EXERCISE AIM:
This exercise calls for retyping every line below exactly, with the images omitted.

Segment Open

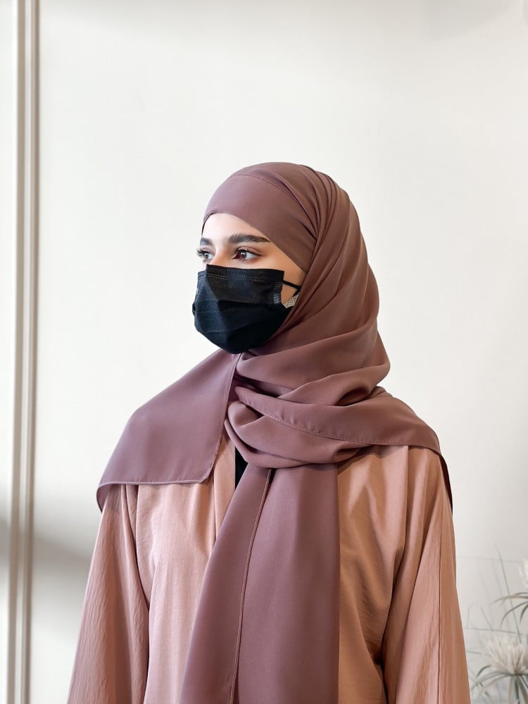 طرحة ربط لحمي سادة وثابتة تتميز بتصميم ربطة بمقدمة الراس حيث يسهل لبسها وثابتها
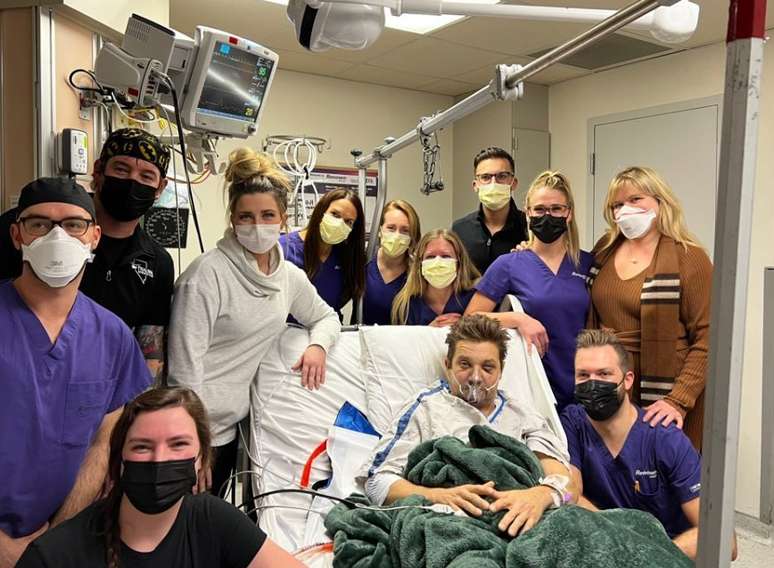 O ator Jeremy Renner, intérprete do Gavião Arqueiro nos filmes da Marvel, completou 52 anos neste sábado (7/1) e comemorou com a equipe responsável por seu tratamento no hospital, em que está internado desde um acidente com uma máquina de remoção de neve em 1° de janeiro, em Reno, nos Estados Unidos.
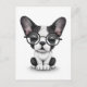 Niedlicher Bulldog Welpe mit Brille, weiß Postkarte
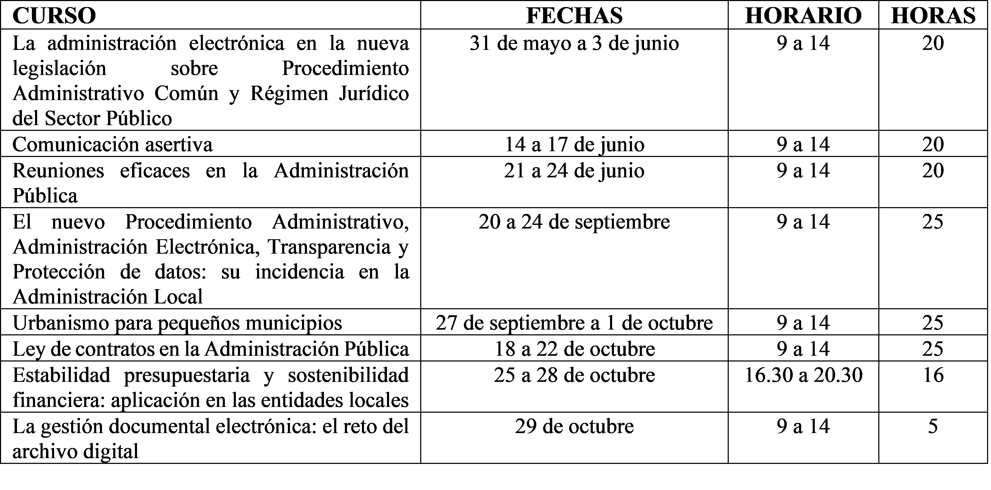 Dichos cursos van dirigidos al personal de la Administración Local de la provincia de Zaragoza y son los siguientes:
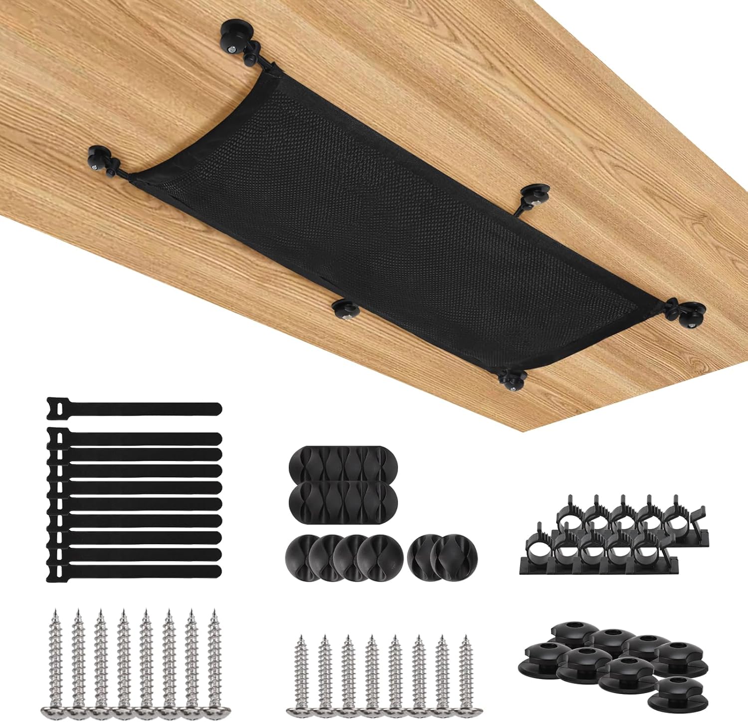 - Under Desk Cable Management Net: Banish tangled wires instantly with elastic mesh design that securely holds chargers, extensions and cables, transforming chaotic desks into clutter-free zones with no drilling tools needed
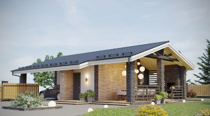 砖块的选择通常是出于装饰的原因。 它既可以单独使用,也可以与深色木材和金属结合使用。然而,所有这些材料都需要小心保护,防止受潮。屋顶通常是用瓦片按照建筑主要部分的布局来完成的。
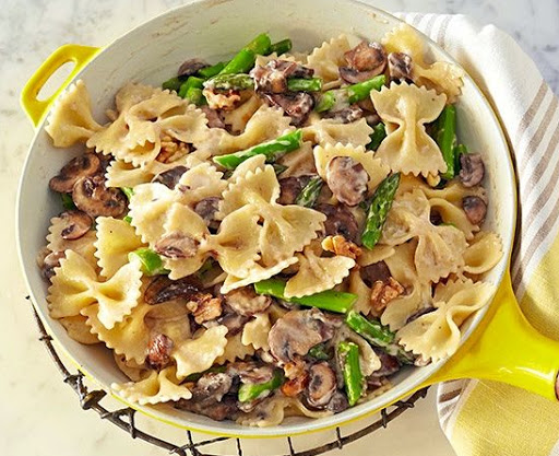 Creamy Farfalle with Cremini, Asparagus & Walnuts
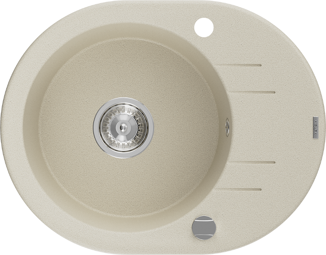 Chiuvetă granitică Mexen Kevin cu o cuvă și scurgător 586 x 458 mm, bej, sifon crom - 6517581005-69
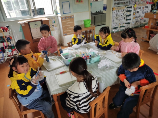 本周我们开始了布艺扎染活动,折叠的方法不同,染出来的作品也不同,看我们的作品多好看呀!

Segment Closed

TASK RESULT:
 طرحة ربط لحمي سادة وثابتة تتميز بتصميم ربطة بمقدمة الراس حيث يسهل لبسها وثابتها
 O ator Jeremy Renner, intérprete do Gavião Arqueiro nos filmes da Marvel, completou 52 anos neste sábado (7/1) e comemorou com a equipe responsável por seu tratamento no hospital, em que está internado desde um acidente com uma máquina de remoção de neve em 1° de janeiro, em Reno, nos Estados Unidos.
 Niedlicher Bulldog Welpe mit Brille, weiß Postkarte
 Dichos cursos van dirigidos al personal de la Administración Local de la provincia de Zaragoza y son los siguientes:
 - Under Desk Cable Management Net: Banish tangled wires instantly with elastic mesh design that securely holds chargers, extensions and cables, transforming chaotic desks into clutter-free zones with no drilling tools needed
 砖块的选择通常是出于装饰的原因。 它既可以单独使用,也可以与深色木材和金属结合使用。然而,所有这些材料都需要小心保护,防止受潮。屋顶通常是用瓦片按照建筑主要部分的布局来完成的。
 Creamy Farfalle with Cremini, Asparagus & Walnuts
 Chiuvetă granitică Mexen Kevin cu o cuvă și scurgător 586 x 458 mm, bej, sifon crom - 6517581005-69
 本周我们开始了布艺扎染活动,折叠的方法不同,染出来的作品也不同,看我们的作品多好看呀!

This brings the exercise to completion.